Exercise directions
Type out the data exactly as given. Skip any image.

:: Materials provided ::

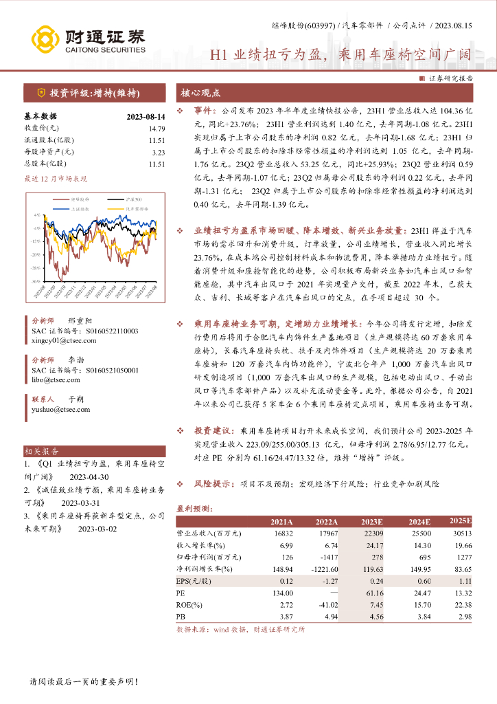财通证券:继峰股份(603997)-H1业绩扭亏为盈,乘用车座椅空间广阔.pdf
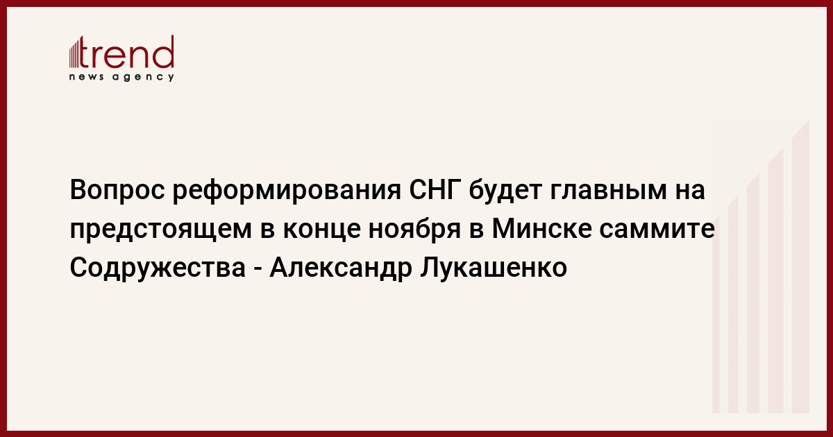 Вопрос реформирования СНГ будет главным на предстоящем в конце ноября в Минске саммите Содружества. Об этом, как передает ИТАР-ТАСС, сообщил сегодня президент Белоруссии Александр Лукашенко.
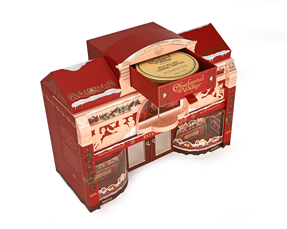 The countdown to Christmas commences with chocolate counters and shelves filled to bursting. Each day in December, a drawer opens with a sumptuous treat. On Christmas Day, a Milk Sea Salt Caramel Truffle gift box awaits.
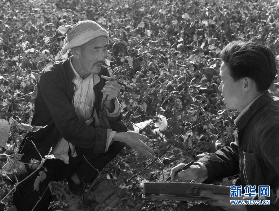 圖為植棉能手吳吉昌(左)在棉田里介紹他的植棉經(jīng)驗(yàn)。一張照片,定格一個(gè)瞬間;一組群像,打開(kāi)一部史冊(cè)。中國(guó)共產(chǎn)黨成立95周年之際,我們選取新華社中國(guó)照片檔案館珍藏的資料照片,展現(xiàn)中國(guó)共產(chǎn)黨人特有的“紅色氣質(zhì)”。新華社發(fā)
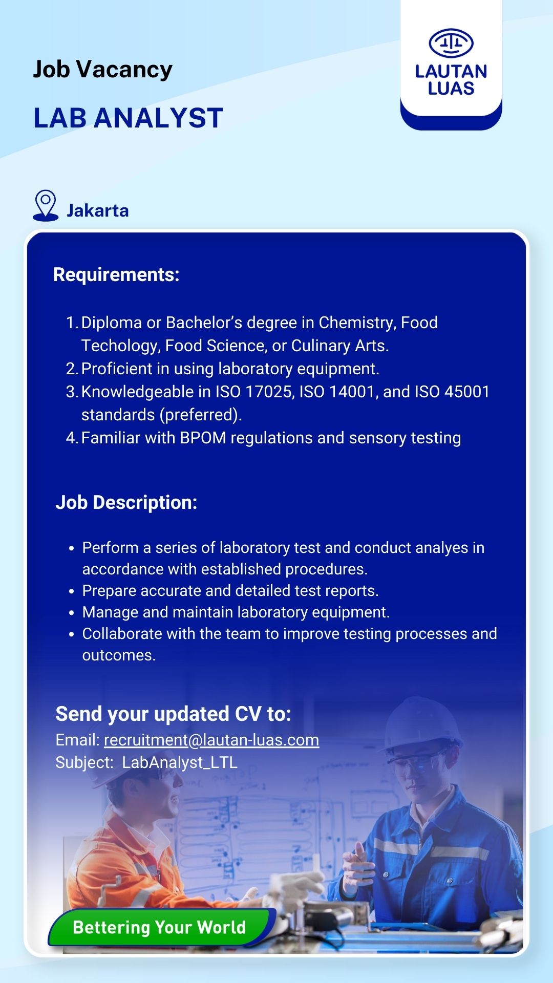 Send your update CV to : recruitment@lautan-luas.com
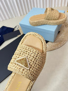 PRA WEDGE FLATFORM SLIDES BEIGE RAFFIA
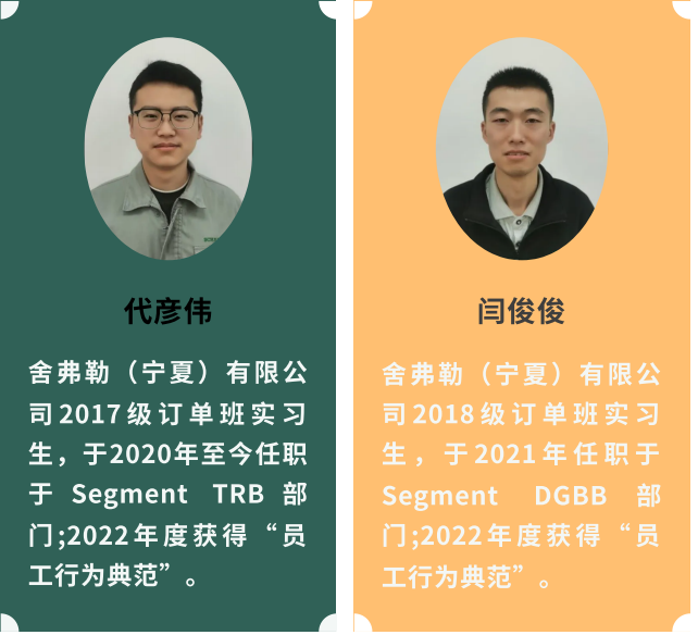 代彦伟是17级机电技术应用(舍佛勒)班学生,闫俊俊是18级电气自动化专业学生。他们分别任职于舍弗勒(宁夏)有限公司SegmentTRB和SegmentDGBB部门,在工作中他们将学校学到的理论知识与实践技能充分融合,勇于挑战、敢于尝试,并快速成长。在面对产线生产任务的压力时,他们经过不断学习和不懈的努力,最终能够独当一面,成为企业的行家里手。
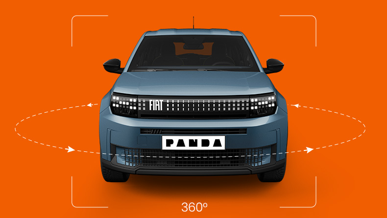 Utforska varje vinkel av din Grande Panda med 360°-vy. Snurra runt och ta in alla detaljer, både inuti och utanpå!
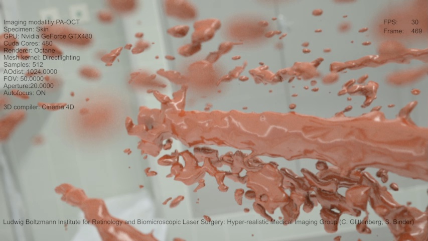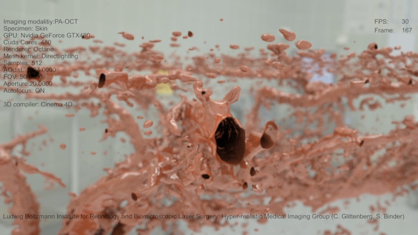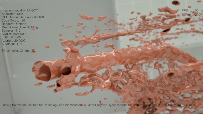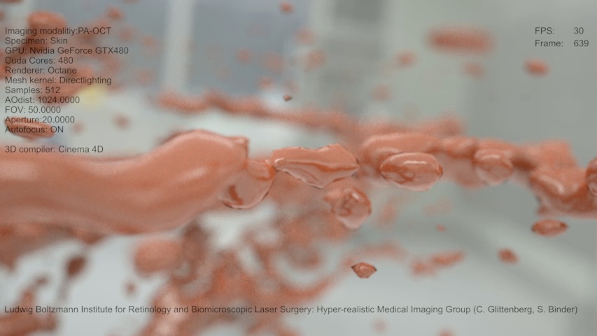 This is an example of an optical coherence tomography photo acoustic data set of the blood vessels in mouse skin. Visualized using automatic iso-mesh segmentation and GPU-Physically based rendering. Keep in mind the patient was alive when this was done. The process was automatic. There was no mesh modeling required. This was rendered entirely on a GPU (Nvidea GTX 480) using CUDA technology using Cinema 4D and the Octane Render Plugin.

:::

Response for this exercise
财通证券:继峰股份(603997)-H1业绩扭亏为盈,乘用车座椅空间广阔.pdf
 Вопрос реформирования СНГ будет главным на предстоящем в конце ноября в Минске саммите Содружества. Об этом, как передает ИТАР-ТАСС, сообщил сегодня президент Белоруссии Александр Лукашенко.
 The countdown to Christmas commences with chocolate counters and shelves filled to bursting. Each day in December, a drawer opens with a sumptuous treat. On Christmas Day, a Milk Sea Salt Caramel Truffle gift box awaits.
 圖為植棉能手吳吉昌(左)在棉田里介紹他的植棉經(jīng)驗(yàn)。一張照片,定格一個(gè)瞬間;一組群像,打開(kāi)一部史冊(cè)。中國(guó)共產(chǎn)黨成立95周年之際,我們選取新華社中國(guó)照片檔案館珍藏的資料照片,展現(xiàn)中國(guó)共產(chǎn)黨人特有的“紅色氣質(zhì)”。新華社發(fā)
 Send your update CV to : recruitment@lautan-luas.com
 PRA WEDGE FLATFORM SLIDES BEIGE RAFFIA
 代彦伟是17级机电技术应用(舍佛勒)班学生,闫俊俊是18级电气自动化专业学生。他们分别任职于舍弗勒(宁夏)有限公司SegmentTRB和SegmentDGBB部门,在工作中他们将学校学到的理论知识与实践技能充分融合,勇于挑战、敢于尝试,并快速成长。在面对产线生产任务的压力时,他们经过不断学习和不懈的努力,最终能够独当一面,成为企业的行家里手。
 Utforska varje vinkel av din Grande Panda med 360°-vy. Snurra runt och ta in alla detaljer, både inuti och utanpå!
 This is an example of an optical coherence tomography photo acoustic data set of the blood vessels in mouse skin. Visualized using automatic iso-mesh segmentation and GPU-Physically based rendering. Keep in mind the patient was alive when this was done. The process was automatic. There was no mesh modeling required. This was rendered entirely on a GPU (Nvidea GTX 480) using CUDA technology using Cinema 4D and the Octane Render Plugin.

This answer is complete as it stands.